Records drawn from a dataset:

────────────────────

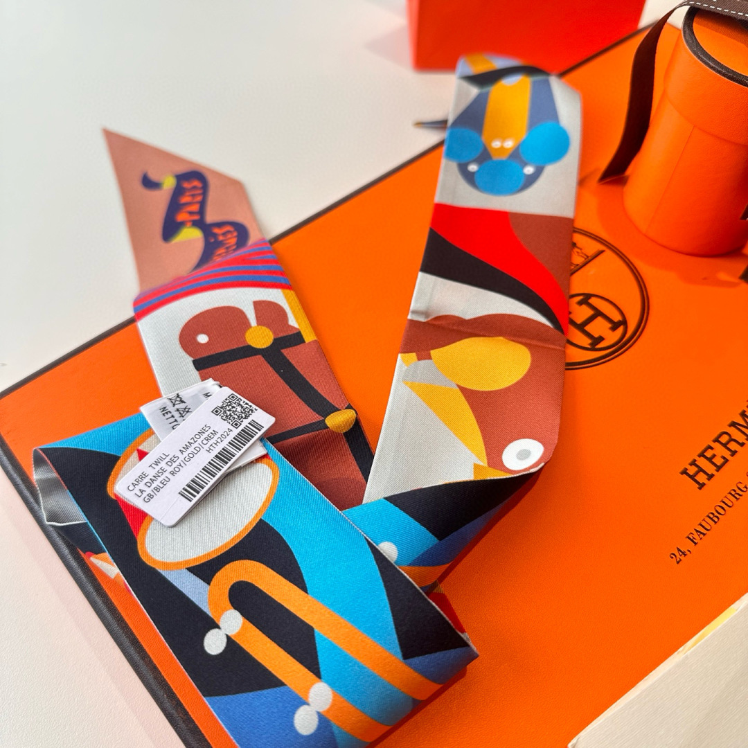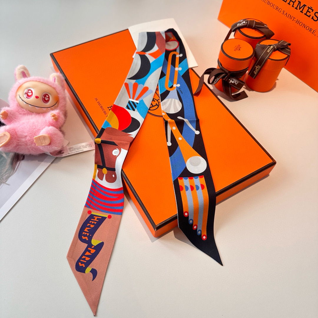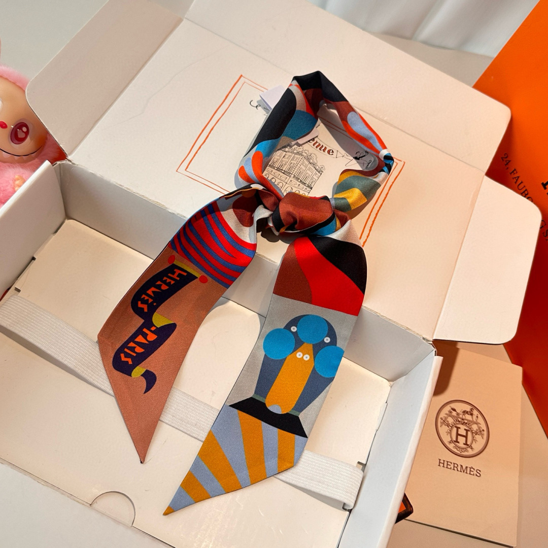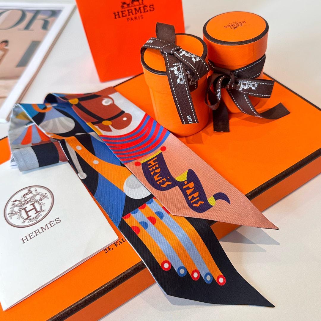 Hermes Twilly Silk Scarf, "Grand Parade" Design, 5x86cm, Premium Quality
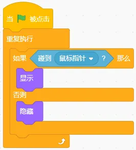 31.运行下列程序,如果鼠标指针碰到角色,角色会隐藏。()
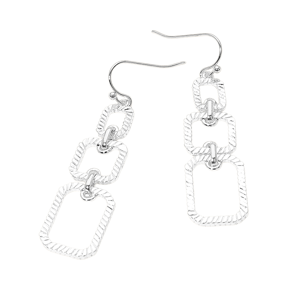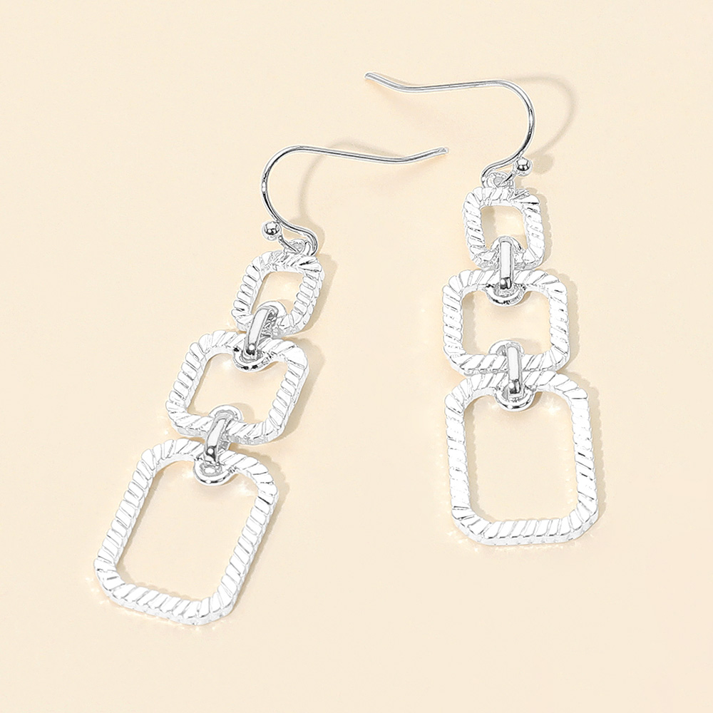 Details • Size : 0.6" X 2.25" • Fish Hook Back • Modern geometric link drop earrings designed with textured open shapes that create eye-catching movement. Their bold yet refined structure adds a stylish accent to any outfit, making them a versatile accessory for both everyday wear and elevated occasions. • Lead and Nickel Compliant
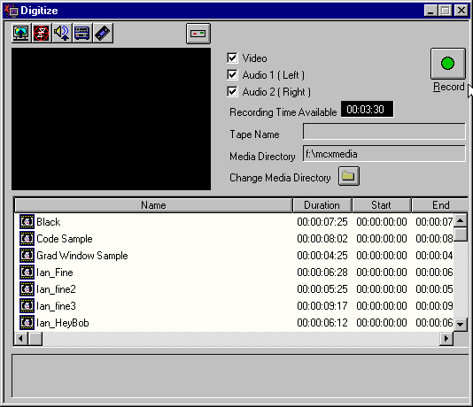 You must then immediately name your digitized video clip -- the new clip will appear named Untitled
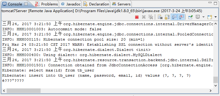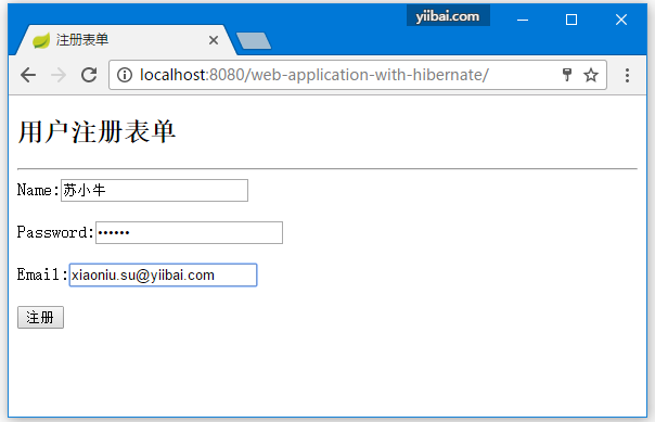 发布上面的工程到 tomcat sever中,打开浏览器访问url:http://localhost:8080/web-application-with-hibernate/ , 没有错误应该会看到下面界面并写入相关内容 -
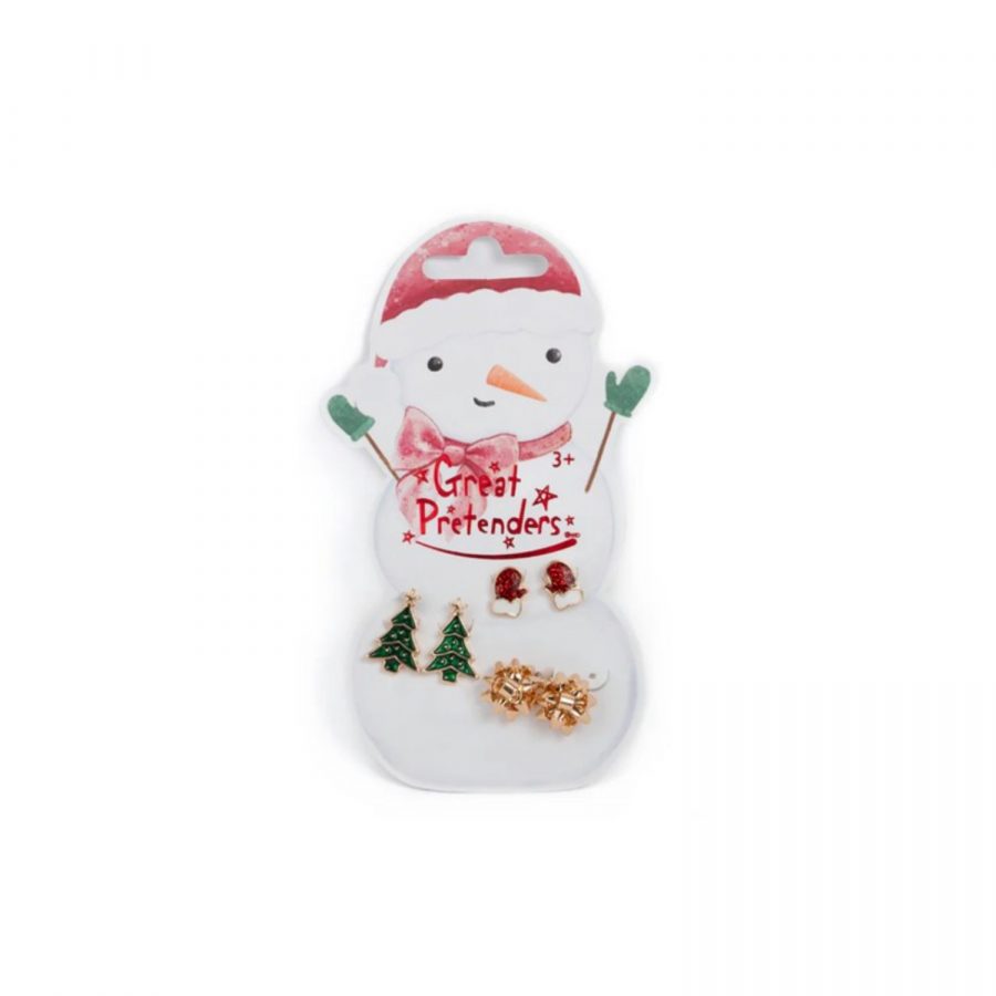 - Lot de 3 paires de boucles d’oreilles festives : moufles, flocons et sapins.
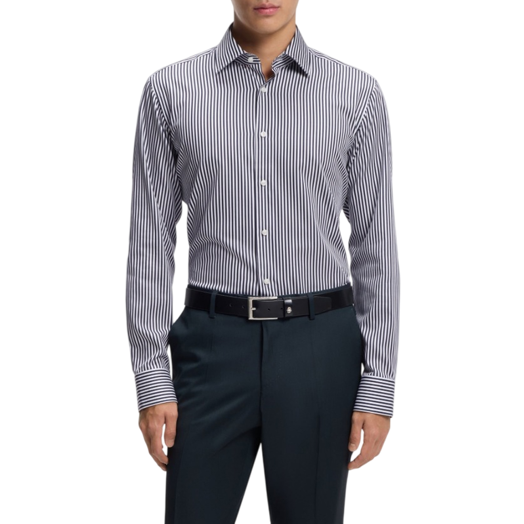With its classic striped pattern and easy-iron finish, this BOSS Men's shirt is the perfect choice for any professional look. Regular fit. Crafted from breathable cotton satin. Regular fit. Kent collar. Angled cuffs.
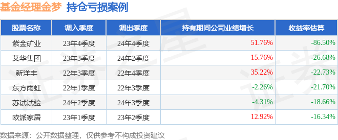金梦管理的天弘通利混合A基金在23年4季度买入紫金矿业,在持有1年又0个季度后在24年4季度卖出。持有期间的估算收益率为-86.5%,持有期间紫金矿业在2023年到2024年的年报归属净利润增幅达51.76%。
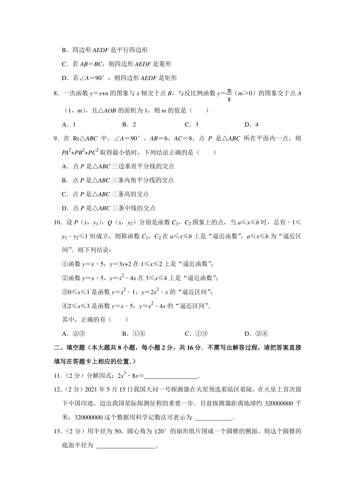 2.2021年江苏省无锡市中考数学真题试卷 解析版
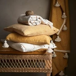 Rouheapintainen ja rento Affari Maja torkkupeitto on valmistettu 100% puuvillasta. Torkkupeiton luonnonvalkoisella pohjalla on mustia sekä sinapin värisiä koristeraitoja. Päissä hapsut. Asettelemalla torkkupeiton rennosti sohvalle tai sängylle luot kodikasta ilmettä hetkessä.
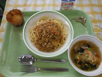 牛乳・スパゲティ大豆ソース・千切り野菜のスープ・米粉マフィン・小魚

────────────────────

- _Task item_
Starting at the line that contains "With its classic", restate every line through the end of the records exactly as written, but leave the pictures out.

- _Result for this exercise_
With its classic striped pattern and easy-iron finish, this BOSS Men's shirt is the perfect choice for any professional look. Regular fit. Crafted from breathable cotton satin. Regular fit. Kent collar. Angled cuffs.
金梦管理的天弘通利混合A基金在23年4季度买入紫金矿业,在持有1年又0个季度后在24年4季度卖出。持有期间的估算收益率为-86.5%,持有期间紫金矿业在2023年到2024年的年报归属净利润增幅达51.76%。
 2.2021年江苏省无锡市中考数学真题试卷 解析版
 Rouheapintainen ja rento Affari Maja torkkupeitto on valmistettu 100% puuvillasta. Torkkupeiton luonnonvalkoisella pohjalla on mustia sekä sinapin värisiä koristeraitoja. Päissä hapsut. Asettelemalla torkkupeiton rennosti sohvalle tai sängylle luot kodikasta ilmettä hetkessä.
 牛乳・スパゲティ大豆ソース・千切り野菜のスープ・米粉マフィン・小魚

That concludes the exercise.